Steril bir ortamda yalnızlığın izoleli soğuk uzaklığı geceden daha karanlık daha korkutucudur. İçinde kalan hatıraları unutmaya başladığında kendinden yitirilen parçaların bir daha dönüşü olmadan elinden kayıp gittiğini görürsün. Bir gün gelipte anlamsız bir yaşama anlamsız bir dünyaya ait hissedersen kendini. Geçmişinle yüzleşmen gerekebilir. Oysa unuttuğun hatıralardaki bir gözyaşıydı belki seni sonsuzluktan uzak tutan.
5 Comments:
"oysa unuttuğun hatıralardaki bir gözyaşıydı seni sonsuzluktan uzak tutan"
Belkide bu yüzden,sonsuz değil hiçbirşey değil mi?? :(
07 Kasım, 2006 20:35
GÜZEL BİR YAZI OLMUŞ CEMAL ;) BURDA DA DEMEK İSTİYORUMM İYİ Kİ DOĞDUN İYİ Kİ VARSIN CANIMM ARKADAŞIM :) O GÜZEL YÜREĞİN İYİ Kİ VAR :)
09 Kasım, 2006 14:05
Özge: Bilmem ben sorgulamıyorum içimden geçenleri yazıya aktarıyorum. Yıllar önce okuyup çok sevdiğim bir kitap ile bu yazıyı yazmadan önce izediğim film arasındaki benzerlikler bende bu kelimeleri yazmaya yöneltti.

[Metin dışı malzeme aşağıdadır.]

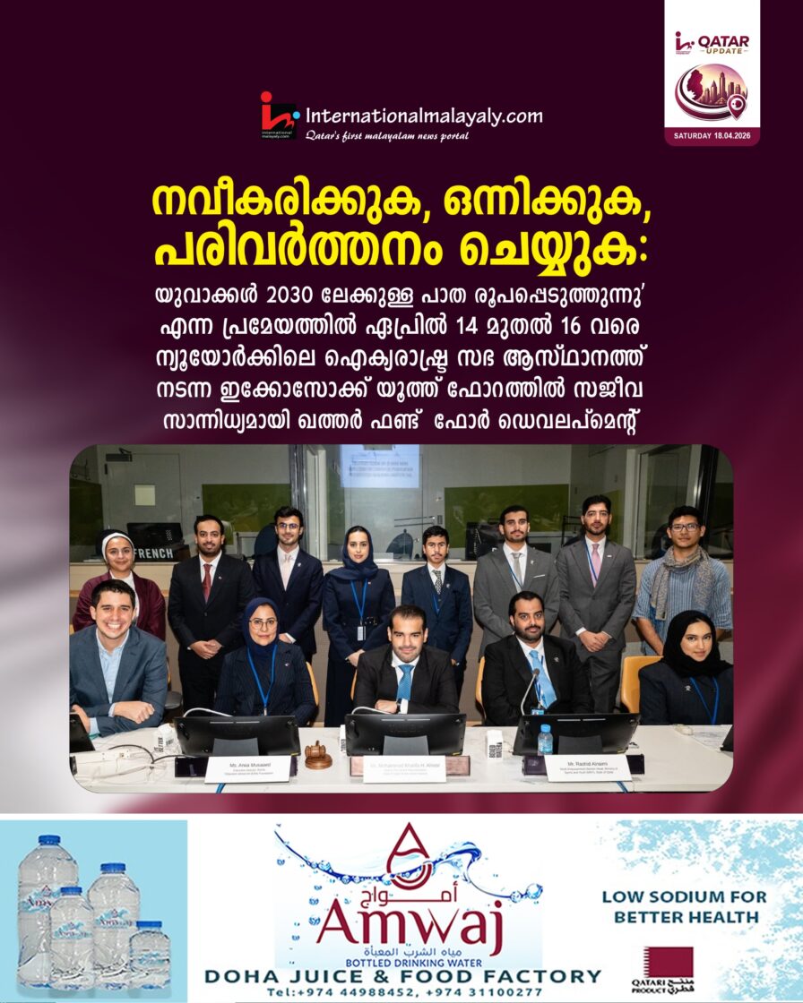 ഏപ്രില് 14 മുതല് 16 വരെ ന്യൂയോര്ക്കിലെ ഐക്യരാഷ്ട്ര സഭ ആസ്ഥാനത്ത് നടന്ന ഇക്കോസോക്ക് യൂത്ത് ഫോറത്തില് സജീവ സാന്നിധ്യമായി ഖത്തര് ഫണ്ട് ഫോര് ഡെവലപ്മെന്റ്

Belki de sonsuzluk bir hiç;
Bizi birbirimizden uzak tutan ne oysa.
Zehra: Sağolasın iyiki senin gibi bi dostum var :)
10 Kasım, 2006 19:23
"Hatalarını yaşamın bir parçası olarak görebilmek zordur belki"
Nasıl bir çocuk düşe kalka büyüyorsa,insanlarda hayatta hata yapıp bu hatalarının farkına vararak yaşamı öğrenecekler.Hatasız kul olmaz.Demek ki bazı şeyleri görüp farkına varmamız gerekiyor ki,bu hataları yapıyoruz.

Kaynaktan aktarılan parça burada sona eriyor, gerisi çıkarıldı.